Mark was not listening. His mind wandered to the paper he wrote in college. The creative writing assignment was one of metamorphosis. Kafka had been consumed, and now it was Mark’s turn at writing a classic. The metamorphosis of food to feces was probably never anticipated by the professor, let alone Kafka, but the line including “individual feces pieces” was a hit in class.

“Mark, Mark, you are jeopardizing your credibility, not to mention your career,” moistly aired Professor Tegmax. “I was willing to support your research into mathematics as reality, but this ludicrous language [the professor doing the silly air quote finger thing] is Einstein’s observer is just, well stupid. Occam would scream. Reality arises from language?”

“Sir, Kaufman, Strogatz, and Lereto’s work in adjacent realities was the key. They showed how true innovation was equal to personal discovery. The mathematics of a person discovering a new song was equivalent to Curie’s discovery of radiation. If as it appears increasingly likely, that there is another external physical reality, then how does our reality present itself? How do we discover [Mark purposely doing the same air quote finger thing] reality?

“But Mark, language is what locks in reality? Please, sir.”

“Whatever is in my head, not communicated, is real only to me. As I hold on to some random thought, you and the rest of our reality will react as I either communicate or do not. When I elect to communicate, my words modify all adjacent realities. Some of those language constructs continue to propagate and become a new reality. We are individual observers that as a collective communicate the state of reality for our agreed to universe. We are the building blocks of reality and language is what locks in our discovery of reality. At one time, the bulk of humanity considered the Sun a god, the world flat, and flight impossible. Once people are able to describe a new reality that permanently modifies enough adjacent realities, then the new reality is discovered. Language is reality. And don’t forget, we now know that language is based in math.”

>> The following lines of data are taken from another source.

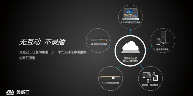 如今,奧威亞的任意系列錄播設(shè)備均可實現(xiàn)互動,同時我們只需添加奧威亞自主研發(fā)的MCU互動中心主機,即可實現(xiàn)第三方視頻會議終端、任意品牌錄播設(shè)備之間有效的互聯(lián)互通。真正打破了錄播互動原有的技術(shù)界限!
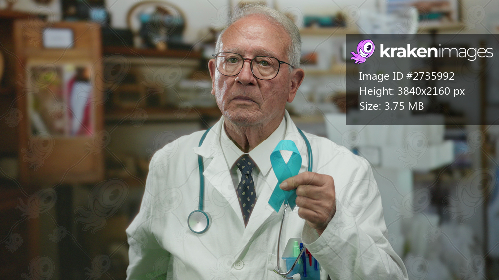Senior male doctor indoors holding a blue ribbon with a focused expression, wearing a stethoscope and white coat in a well-lit room indicating medical awareness campaign. - Kraken Images
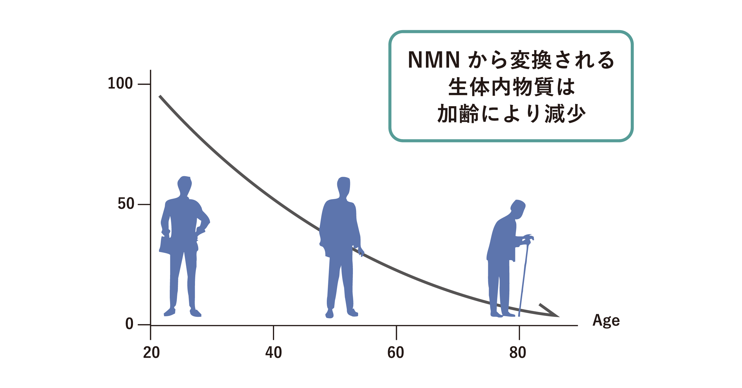 年齢を重ねるほどに減少する、生物の老化に深く関わりのある物質で、健康的な体のコンディション維持に重要であるとされています。

“Until you come up with a mathematical model that explains this, I loathe to call it a theory, OK theory, then your ideas, to use the German; es ist nicht einmal falsch!

Professor Tegmax’s use of German caused a huge increase in spittle. “That is why I am here, Professor Tegmax, I would like the university to fund my research. Pikovski just found pixelation. Our entire reality is encoded in the event horizon of some black hole. Why do we live on a black hole? Why is language the discovery tool for reality? You must support my research, Professor!”

“Get out, you and your crackpot ideas. Pixelation, indeed. Until the entire scientific community can understand and agree with Pikovski’s research, pixelation and the Holographic principle are not reality!”

“That Professor, I completely agree with,” Mark murmured as he left Professor Tegmax’s office for the last time.


“So Imuthes, what is different with this iteration of the encoding?

“Prefect, we placed the simulation in our future, not our present or past. I did, though, add much of our history into the iteration. The encoding of the simulation is holographic and the learning method is our language. This simulation is intended to tell us what it is like living on an event horizon. Its goal is to ascertain if there is a way to leave the prison of the event horizon. Can our frozen reality leak away from Sekhmet? In the 314th iteration, the simulation has just discovered the holographic reality. Even though it has discovered that it is trapped on the outer edge of a black hole, it appears that it is continuing discovery. The simulation science continues!”

“What was your bias Imuthes? What did you do this time to keep the Encoding alive?”

“Qa’a, we encoded a bias for hope.”

“Ah, my dear Imuthes, you give hope back to me on this day. The array gives us light and saved our world from being torn apart. Yet, it will not save us from the same fate as our simulation. So be it, launch the simulation to the Lagrange point. Someday, may a great civilization discover our simulation still at work looking for or having found a reality for leaving the event horizon.”